Because of that, this list won’t include those oldies (but goodies). Our goal is to help you find new board games (hopefully two or three) that sound intriguing for you and your spouse — or you and your family.

Now, board games aren’t necessarily a cheap hobby. A number of the “hot” games right now can run upwards of $50 — and sometimes even reach triple digits.

So if your budget is tight, post on your local neighborhood page or Buy Nothing group to see if you can borrow board games from neighbors or receive a donation of games that are just collecting dust in someone else’s closet. You can return the favor by opening up your board game library to them!

Without further ado….

Board Games for Just You and Your Partner

Note that several of these games can be played by more than two people. The reason we’re including them in this section is because they are just as fun playing with only one other person.

Quick Play Games


Codenames Duet

Essentially, you and your partner will be working together to uncover spies using word deduction with a limited number of turns. The game is quick (roughly 15 minute rounds) and a fun way to put your teamwork on display in a game designed to make you think without stressing you out. Only for two players.

Currently $19.38 at Amazon

2-8 players

Ages 11+

15 minute gameplay



Want a deceptively simple game you and your partner can just pick up and play? Mastermind puts, as the marketing language says, “codemaker vs. codebreaker.”

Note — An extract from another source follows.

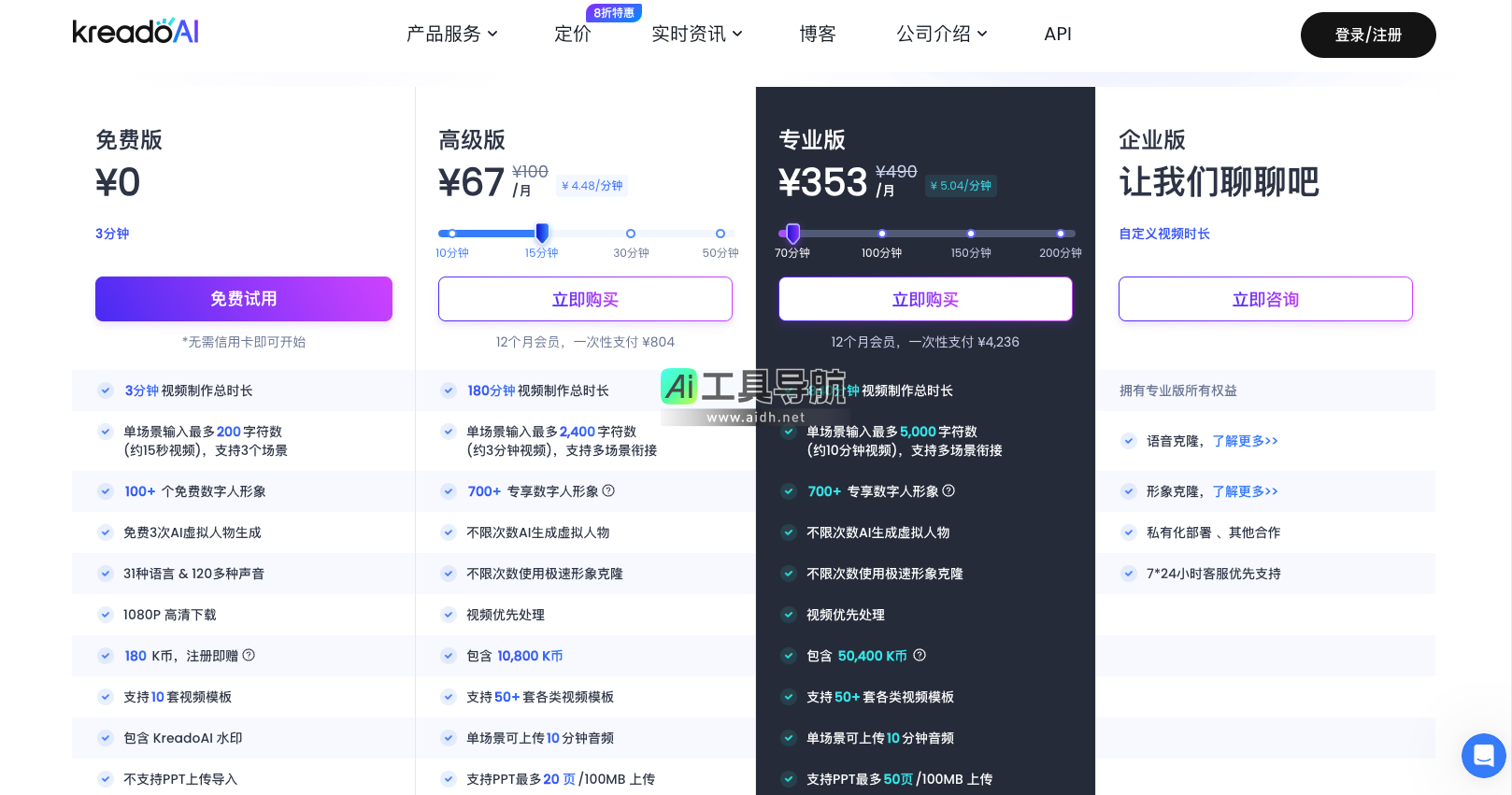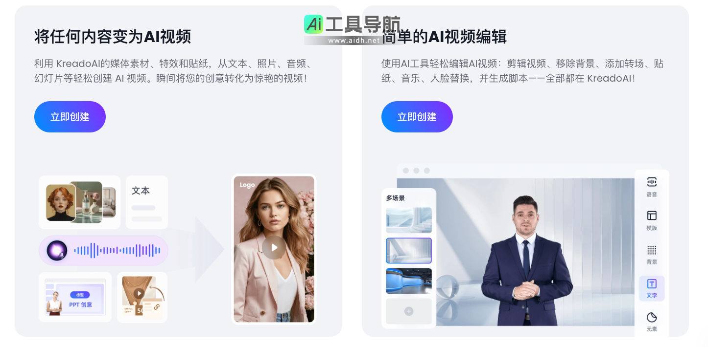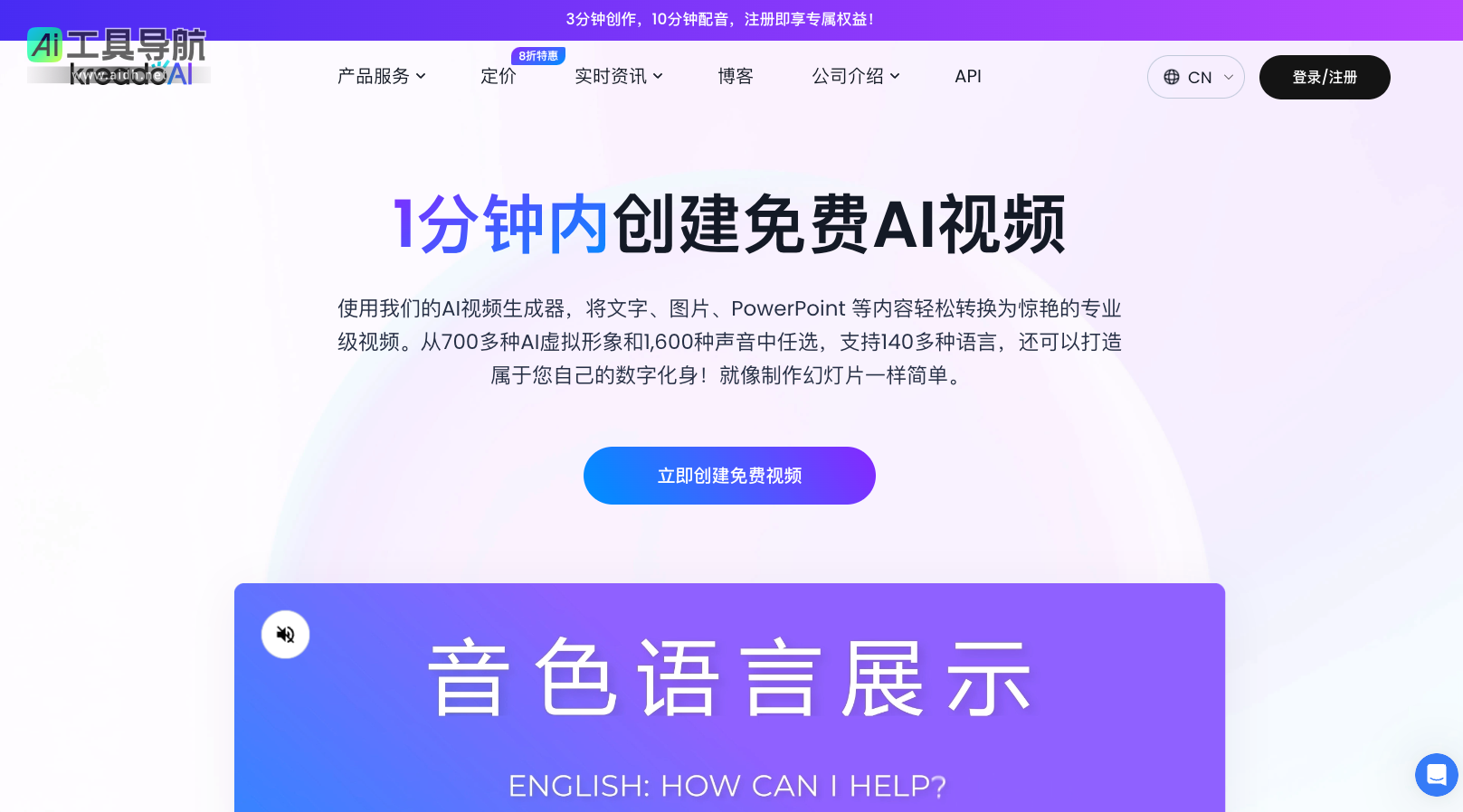 KreadoAI的最大亮点在于它能够帮助用户快速创建高质量的AI视频,无论是营销推广、培训教育、客户服务还是个人创作。其使用简便,用户只需简单输入文本或上传图片、幻灯片等内容,AI即能将其转化为引人注目的数字人视频。通过KreadoAI,视频创作的门槛大幅降低,用户可以在几分钟内生成真实感十足的AI视频,大大节省了时间和成本。

The basic idea is that one player creates a code up to four characters long by using colored pegs which the other player then has to guess using trial and error within a limited number of turns.

Games are quick — typically 10-15 minutes at most — but quite satisfying when you break a code… or when you stump the other person, if you’re the codemaker. Only for two players.

Currently available for $14.77 at Amazon.

2 players

Ages 8+

10-15 minute gameplay


St. Noire

Have you and your partner burned through all the procedurals and murder mysteries on Netflix? Does watching Picard play detective on the Holodeck in TNG make you feel jealous? Wish you were around back when radio plays were big?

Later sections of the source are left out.